The Texas Code of Criminal Procedure, Article 42.12, § 3a (Vernon Supp.1986) provides in pertinent part:

“When there is a conviction in any court of this State and the punishment assessed by the jury shall not exceed ten years, the jury may recommend probation for a period of any term of years authorized for the offense for which the defendant was convicted, but in no event for more than ten years ...
“In all eligible cases, probation shall be, granted by the court, if the jury recommends it in their verdict, for the period recommended by the jury.”

Under the current statute, the Court is bound to grant probation “for the period recommended by the jury.” Under the current statute, the jury’s duty at punishment is to assess punishment, and then if the jury decides that probation is appropriate (and the defendant is eligible and has properly applied for it) the jury is to recommend the period to be served on probation. The probation period recommended by the jury may be less than or greater than the term of punishment assessed by the jury, as long as the period is for a term of years authorized for the offense and does not exceed ten years. Bridges v. State, 664 S.W.2d 98 (Tex.Crim.App.1984).

We find that the court’s error was harmless in both cases. In the robbery case the jury assessed punishment at two years and recommended probation and the court set the term of. probation at two years. The jury assessed punishment at the minimum of two years’ imprisonment; and the period of probation set by the court at two years also was the minimum period.

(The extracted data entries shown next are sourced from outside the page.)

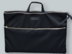
L. PC&タブレット用バッグ ●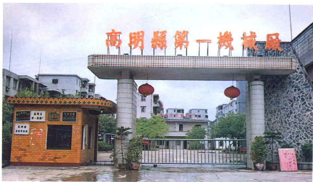
高明县第一机械厂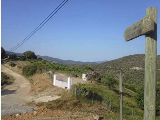
WPT1. Inicio de Sendero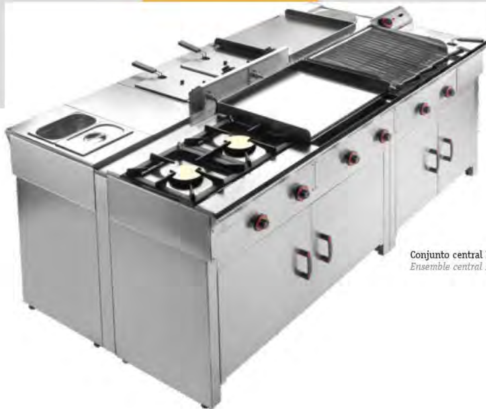
Conjunto central ECO-LINE Ensemble central ECO-LINE

COCINAS - PLANCHAS - BARBACOAS - FREIDORAS - BAÑO MARÍA - CREPERAS SOBRES DE TRABAJO - MESAS DE SOPORTE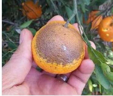
اكاروس صدا الحمضيات

Since appellant received the shortest permissible term of probation, no harm has been shown and no reversible error occurred in the robbery case.

In the aggravated robbery case appellant has not shown harm since the jury did not recommend probation, but assessed punishment at five years confinement in the Texas Department of Corrections. The question of the length of the probationary period is relevant only if the jury decides to recommend probation. Bridges v. State, supra. We find in appellant’s aggravated robbery case the jury never reached the issue of the length of the probation period to be served; therefore, any error was harmless. Appellant’s third ground of error is overruled.

Accordingly, the judgment of the trial court is affirmed.